┏━━

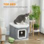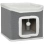 AESMARIS Cat House for Indoor Kittens 2-Level Cat Cave Bed with Fluffy Balls - Grey
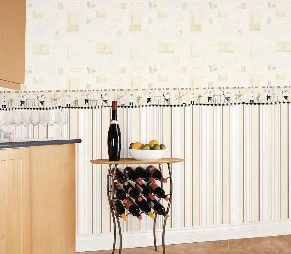 Se você não gosta de motivos florais, você pode usar papel de parede com a imagem de frutas ou legumes, vinhas, decorar a superfície com cores xadrez em cores brilhantes. Temas rústicos podem ser destacados com papel de parede imitando mate, pedra ou madeira.
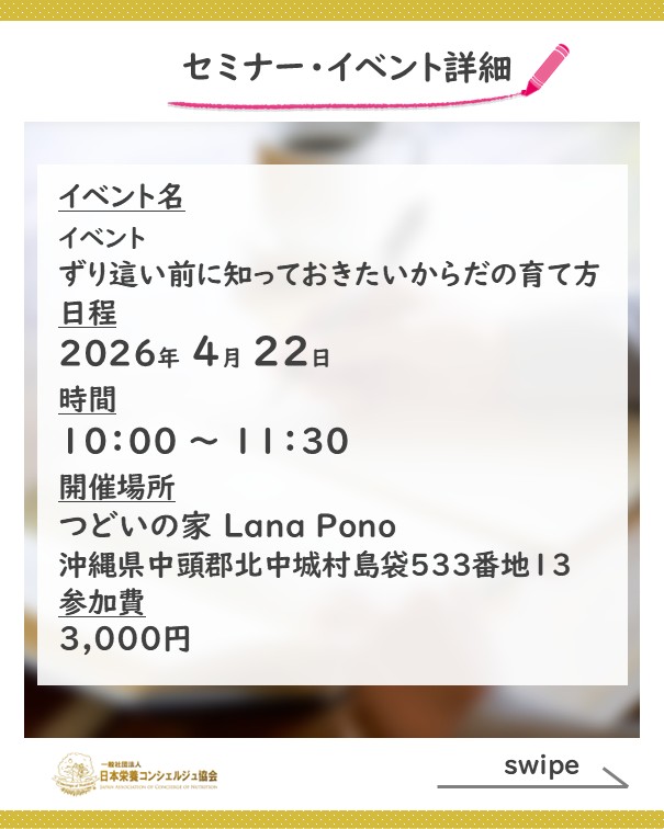 2ッ星栄養コンシェルジュで理学療法士の金城せいかさんが4月22日(水)に沖縄にて開催されるイベント、『ずり這い前に知っておきたい♡からだの育て方』にて講師を務められます☆
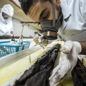 2016年8月31日,埃及考古学家默罕默德·瓦尔(Mohamed Anwar)在位于首都开罗南郊胡夫金字塔后方的修复实验室中,对来自法老胡夫第二艘太阳船的某些部件进行研究。(AA照片)考古学家周三表示,在吉萨金字塔附近一处发掘地点发现的一块木头首次表明古埃及人曾使用金属造船。考古学家在一艘船的部分组件中发现了环形和U形金属钩,这艘船与埋在大金字塔附近的胡夫“太阳船”于同年被发掘。王室陵墓旁的坑穴中埋藏着若干太阳船,它们 ...
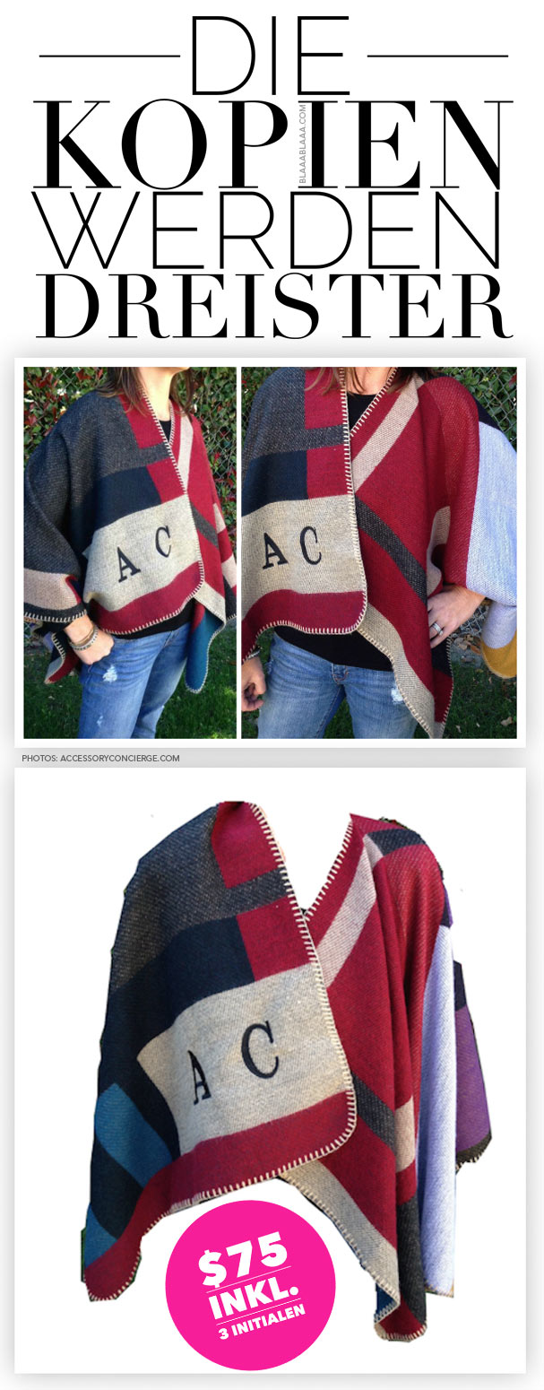 Na, na, na, mit den unzähligen Burberry-Poncho Interpretationen (siehe z.B. hier) liesse sich mittlerweile ein ganzes Album füllen. Ziemlich unverfroren gehen die Herrschaften des Onlineshops «Accessory Concierge» zu Werke: für mickrige $75 kann dort die sehr stark angelehnte Anlehnung an das britische Überwurf-Orginal inkl. dreier Initialen erworben werden. Ey, wenn die Qualität so toll ist, wie das Cape freigestellt wurde, dann: Aloha!
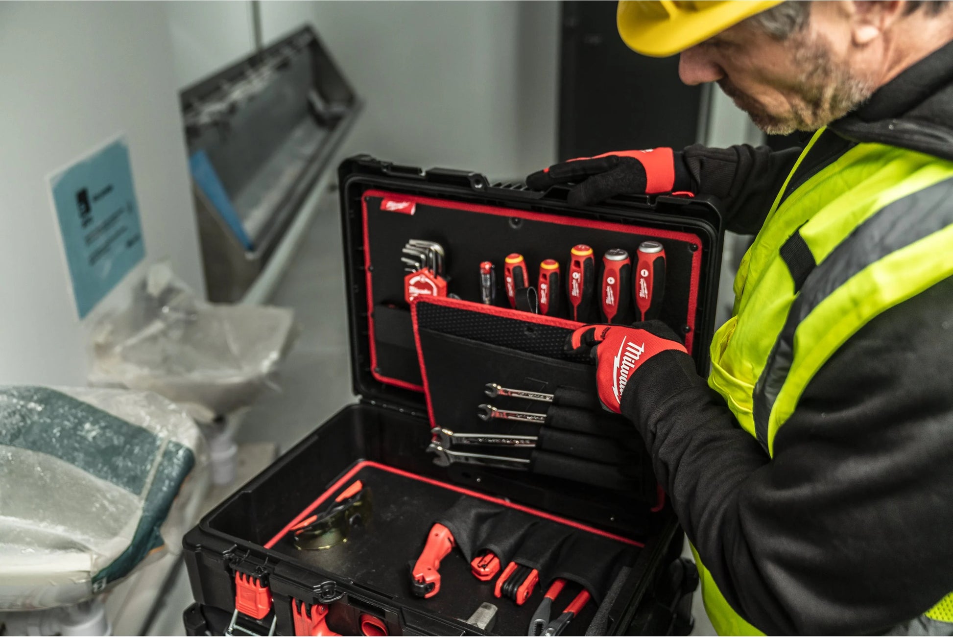 • Múltiples insertos y divisores – Configuración adaptable e ilimitada con espacio adicional para herramientas manuales favoritas.
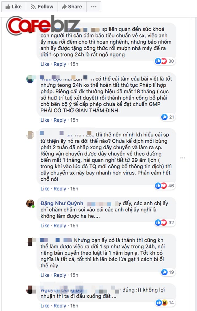 - Anh Đặng Như Quỳnh: Có thể mọi người đọc, nhưng không để ý kỹ thông tin chi tiết ở trong bài. Ngay khi bắt đầu vào chiến dịch sản xuất khẩu trang, thì kế hoạch sản xuất tiếp theo của chúng tôi là cồn sát khuẩn khô. Trong bài, tôi có nêu rõ là khi tôi đăng thông tin cần làm sản phẩm đó, thì có 1 nhóm chuyên gia bên dược – tôi không tiện nêu tên, nhưng sẽ chú thích rõ về sau tên của nhóm chuyên gia này, giúp đỡ.
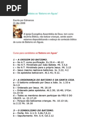 8 Apostilas Sobre Batismo Nas Aguas Evangelico Para Baixar Em
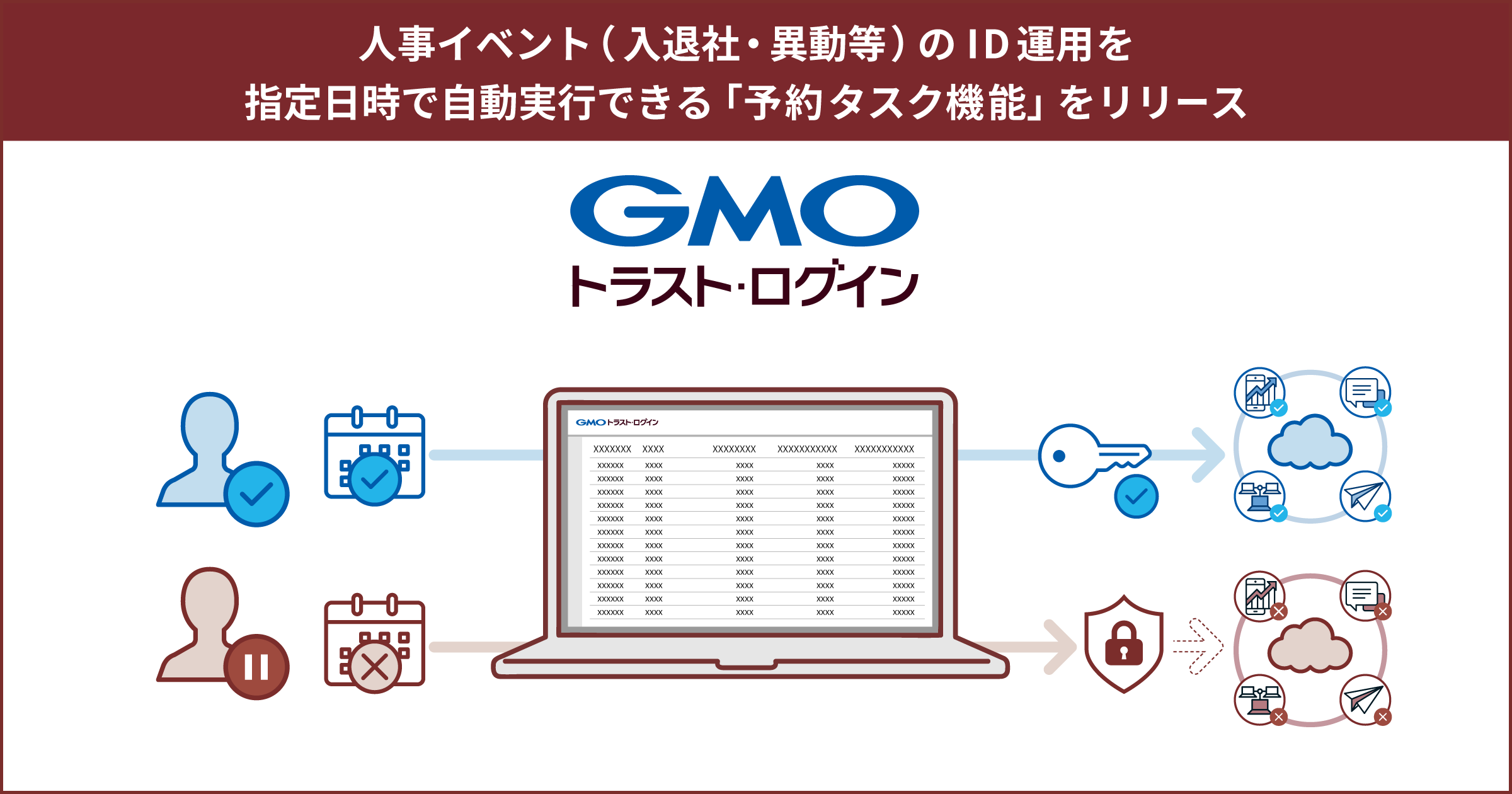「GMOトラスト・ログイン」、人事イベント(入退社・異動等)のID運用を指定日時で自動実行できる「予約タスク機能」をリリース

┗━━

Take the lines from the first line of the entries through the line with "Na, na, na, mit", inclusive, and give them again exactly, minus any pictures.

- Exercise response -
 AESMARIS Cat House for Indoor Kittens 2-Level Cat Cave Bed with Fluffy Balls - Grey
 Se você não gosta de motivos florais, você pode usar papel de parede com a imagem de frutas ou legumes, vinhas, decorar a superfície com cores xadrez em cores brilhantes. Temas rústicos podem ser destacados com papel de parede imitando mate, pedra ou madeira.
 2ッ星栄養コンシェルジュで理学療法士の金城せいかさんが4月22日(水)に沖縄にて開催されるイベント、『ずり這い前に知っておきたい♡からだの育て方』にて講師を務められます☆
 2016年8月31日,埃及考古学家默罕默德·瓦尔(Mohamed Anwar)在位于首都开罗南郊胡夫金字塔后方的修复实验室中,对来自法老胡夫第二艘太阳船的某些部件进行研究。(AA照片)考古学家周三表示,在吉萨金字塔附近一处发掘地点发现的一块木头首次表明古埃及人曾使用金属造船。考古学家在一艘船的部分组件中发现了环形和U形金属钩,这艘船与埋在大金字塔附近的胡夫“太阳船”于同年被发掘。王室陵墓旁的坑穴中埋藏着若干太阳船,它们 ...
 Na, na, na, mit den unzähligen Burberry-Poncho Interpretationen (siehe z.B. hier) liesse sich mittlerweile ein ganzes Album füllen. Ziemlich unverfroren gehen die Herrschaften des Onlineshops «Accessory Concierge» zu Werke: für mickrige $75 kann dort die sehr stark angelehnte Anlehnung an das britische Überwurf-Orginal inkl. dreier Initialen erworben werden. Ey, wenn die Qualität so toll ist, wie das Cape freigestellt wurde, dann: Aloha!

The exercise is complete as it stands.